START DATA FOR THIS EXERCISE

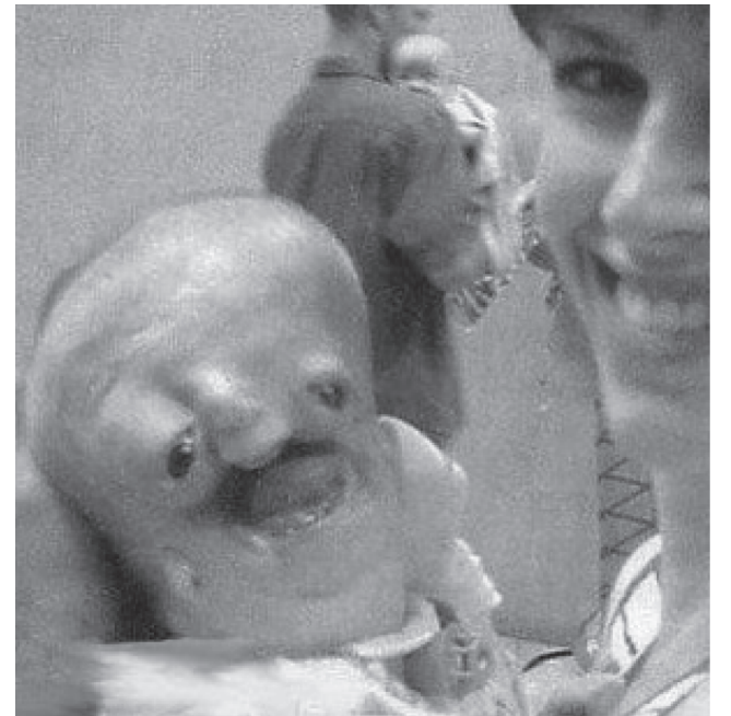
Дети... И мать одного из таких уродов беззастенчиво делает "cheese" на камеру после того, как зачала, выносила и родила такое...

Образы Кабанихи и ущербно воспитанного ею "любимого" её собственного сына из пьесы А.Н.Островского "Гроза" не высосаны им из пальца, как и мачеха Золушки с её дочерьми или
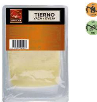
Queso Mezcla Tierno 29145 Lonchas 300 g NAVIDUL 5 Ud. Caja
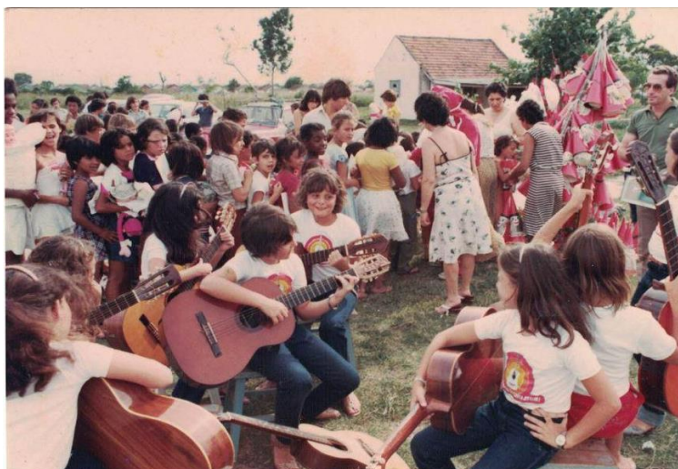
Figura 4 - Dia da Criatividade no bairro Navegantes, na cidade de Pelotas. Aproximadamente. Fotografia, Autor desconhecido, 1980.

ao ar livre, tanto em áreas urbanas centrais quanto em bairros periféricos da cidade de Pelotas, para escolares e a população experimentarem as mais diversas linguagens artísticas (Sirtoli, 2022).
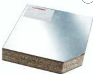
Плита из ДСП (Ligna K38 AL AL) сверху и снизу фольга

Основа – ДСП, плотность 620 кг/м3; Сверху-алюминиевая фольга; Снизу-алюминиевая фольга. Рекомендуется в сочетании с ковровой плиткой.
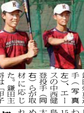
国士館高校の野球部員たち

国士館高校 日本高校野球連盟(高野連)は6月10日、中止となった第92回選抜高等学校野球大会(センバツ)に出場する国士館高校を正式に発表しました。
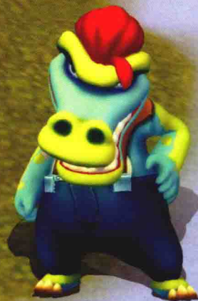
经常与大吉作对的红毛
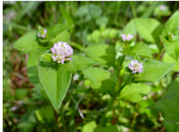
Abb. 2: Persicaria nepalensis, blühende Pflanzen (15.06.2014,).
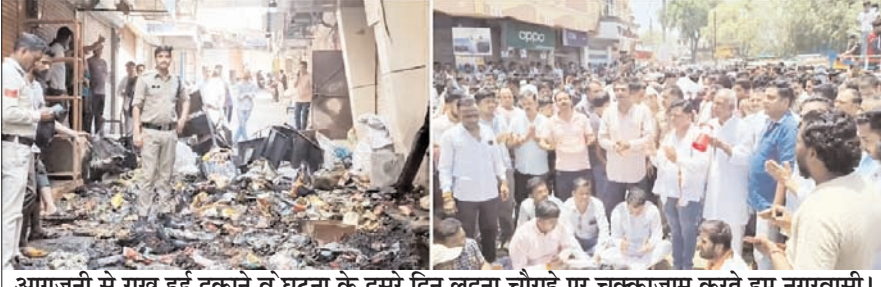
आगजनी से राख हुई दुकानें व घटना के दूसरे दिन लड्डूना चौराहे पर चक्काजाम करते हुए नगरवासी।

मंदसौर जिले के सीतामऊ बस स्टैंड क्षेत्र में रविवार देर रात हुए एक किराना दुकान से शुरू हुई आग ने देखते ही देखते विकराल रूप धारण कर लिया और आसपास की करीब सात दुकानों को अपनी चपेट में ले लिया। इस हादसे में एक करोड़ रुपये से अधिक के माल के जलकर खाक होने का अनुमान है।
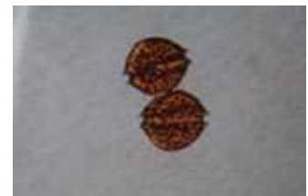
貝毒原因プランクトンの一種 アレキサンドリウム タマレンセ Alexandrium tamarense (大きさ1mmの1/30)

貝毒量が一定期間連続して規制値未満であった場合、出荷自主規制処置を解除し、注意体制をとります。

END DATA FOR THIS EXERCISE

• **EXERCISE BRIEF**:
In the entries above, some lines hold the string "Pelotas". Copy each of them.

• **COMPLETED TASK**:
Figura 4 - Dia da Criatividade no bairro Navegantes, na cidade de Pelotas. Aproximadamente. Fotografia, Autor desconhecido, 1980.
ao ar livre, tanto em áreas urbanas centrais quanto em bairros periféricos da cidade de Pelotas, para escolares e a população experimentarem as mais diversas linguagens artísticas (Sirtoli, 2022).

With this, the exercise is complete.